I furthermore assume that this is a detached signature in the first place instead of simply clearsigning repomd.xml
to keep it one atomic file because there were worries about backwards-incompatibility with old clients.
Solution
Any change which would indicate which version of repomd.xml.asc
that you need to the server is a potential fix, but I think there are three main possibilities:
- Changing the name of the file like you do with other metadata files, with the name calculated client-side somehow.
- Adding a header to the request.
- Adding a query parameter to the request.
In particular for backwards compatibility and ease-of-update, I suggest we do number 3, simply take the Last-Modified
header value on the repomd.xml
response, and add it as a query parameter on the repomd.xml.asc
request: .../repomd.xml.asc?repomd_last_modified=<header value>
.
- Almost every webserver simply ignores extra unexpected query params, so this should not break anything.
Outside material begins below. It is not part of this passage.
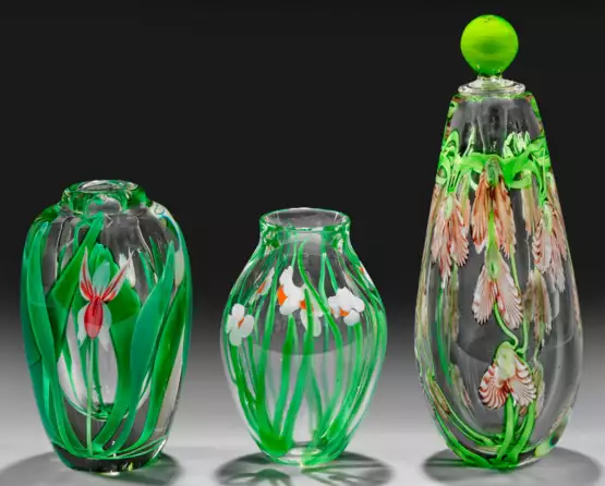 Farbloses Glas. Blumen-Einschlüsse in Grün, Bordeaux, Orange, Weiß und Pink. Sign. "Walkoft" und dat. "1983" sowie "S. Beyers", betitelt "Orient & Flume" und nummeriert "0017W60F626". H. 13 cm - 23,5 cm.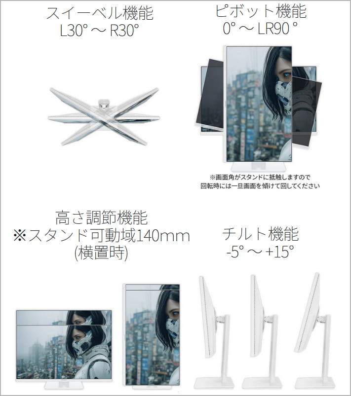 『JN-IPS27G120U-HSPC6-W』のインターフェイスは、DisplayPort 1.4 x1 (120Hz)、HDMI 2.1 x2 (120Hz)、USB-C x1 (120Hz)、オーディオ出力。その他、KVM機能搭載、昇降式多機能スタンド(スイーベル、ピボット、高さ調節、チルト対応)を採用。

On the off chance that it does and a server responds with a
4xx
HTTP code, DNF could simply revert back to today's behavior and request the file without the query param. - By contrast, caches / CDNs typically do include the query params as part of the cache key by default.
By including the information on which repomd.xml file you have in the cache key for repomd.xml.asc
we are creating different cached versions of the file, and the client will automatically receive the correct one and proceed successfully if these cache keys are already populated. If there is no cache involved and a server is responding to every request directly, at least they are in no worse position than they were before, and they can teach their server to respond appropriately to the query param if they wish.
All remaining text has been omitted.